Exercise prompt: Would you copy, word for word, each line from the one with "et 13:30-18:00 |" to the end of the listing below, skipping all pictures?

The data:
· · · · ·
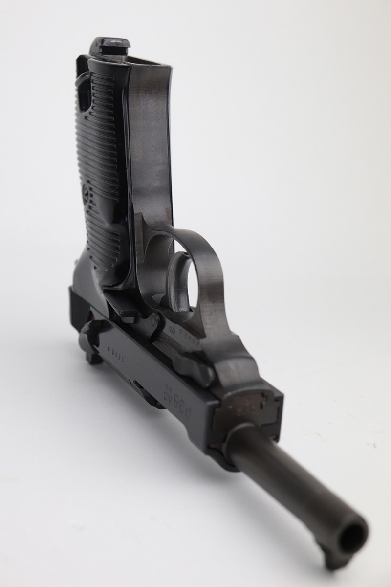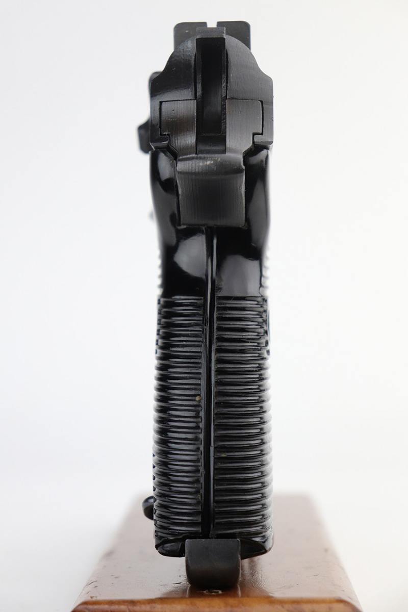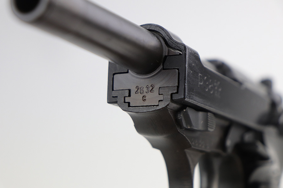 12/21/22 – This is an excellent example of a rare Mauser P.38 issued to the Nazi military in 1944. It is all matching and has the proper “Waffen 135” military acceptance proofs. This one is rare because it has a rare FN-made slide. The finish looks dark, so believe it has been professionally restored. It has retained virtually all of its finish with very minor handling marks/light scratches here and there. It comes with excellent grips and a period original but unmarked magazine. The bore is shiny with very strong rifling with areas of very minor freckling in some of the grooves. De-cocker is functional. NOTE: The magazine shown in the photos is not the one included with the listing. It was replaced with an unmarked magazine that does show some corrosion on the spine.
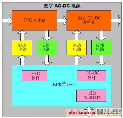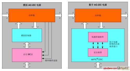 傳統(tǒng)開(kāi)關(guān)電源(Switch Mode Power Supply,SMPS)控制通常使用純模擬技術(shù)。低成本和高性能數(shù)字信號(hào)控制器(Digital Signal Controller, DSC)的出現(xiàn)開(kāi)啟了開(kāi)關(guān)電源控制的全新境界,并且標(biāo)志著電源產(chǎn)業(yè)正朝著數(shù)字革命的方向發(fā)展。
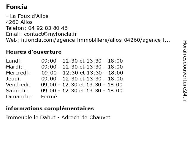 | Lundi | 09:00-12:30 et 13:30-18:00 |
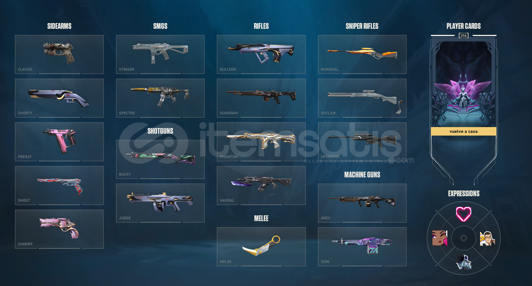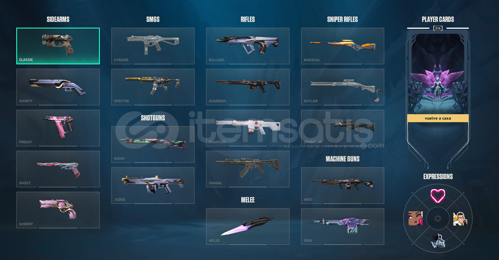 Classic : 4 adet skin (BP)Shorty : 2 adet skin (BP) Frenzy : 2 adet skin (BP)Ghost : 4 adet skin / GAİA GHOST / (3 skin BP)Sheriff : 12 adet skin / SIR ÇİÇEĞİ / (11 adet BP)Vandal : 5 adet skin / AEMONDIR / YAĞMACI / SOĞUK ÇELİK / (2 adet BP)Phantom : 6 adet skin / YİTİK / SPECTRUM / (4 adet skin BP)Operatör : 1 adet skin / YAĞMACI / Bıçaklar : 7 adet skin / ANOMALİ KELEBEK / ASİL KARAMBİT / (4...
· · · · ·
Task answer:
 | Lundi | 09:00-12:30 et 13:30-18:00 |
 Classic : 4 adet skin (BP)Shorty : 2 adet skin (BP) Frenzy : 2 adet skin (BP)Ghost : 4 adet skin / GAİA GHOST / (3 skin BP)Sheriff : 12 adet skin / SIR ÇİÇEĞİ / (11 adet BP)Vandal : 5 adet skin / AEMONDIR / YAĞMACI / SOĞUK ÇELİK / (2 adet BP)Phantom : 6 adet skin / YİTİK / SPECTRUM / (4 adet skin BP)Operatör : 1 adet skin / YAĞMACI / Bıçaklar : 7 adet skin / ANOMALİ KELEBEK / ASİL KARAMBİT / (4...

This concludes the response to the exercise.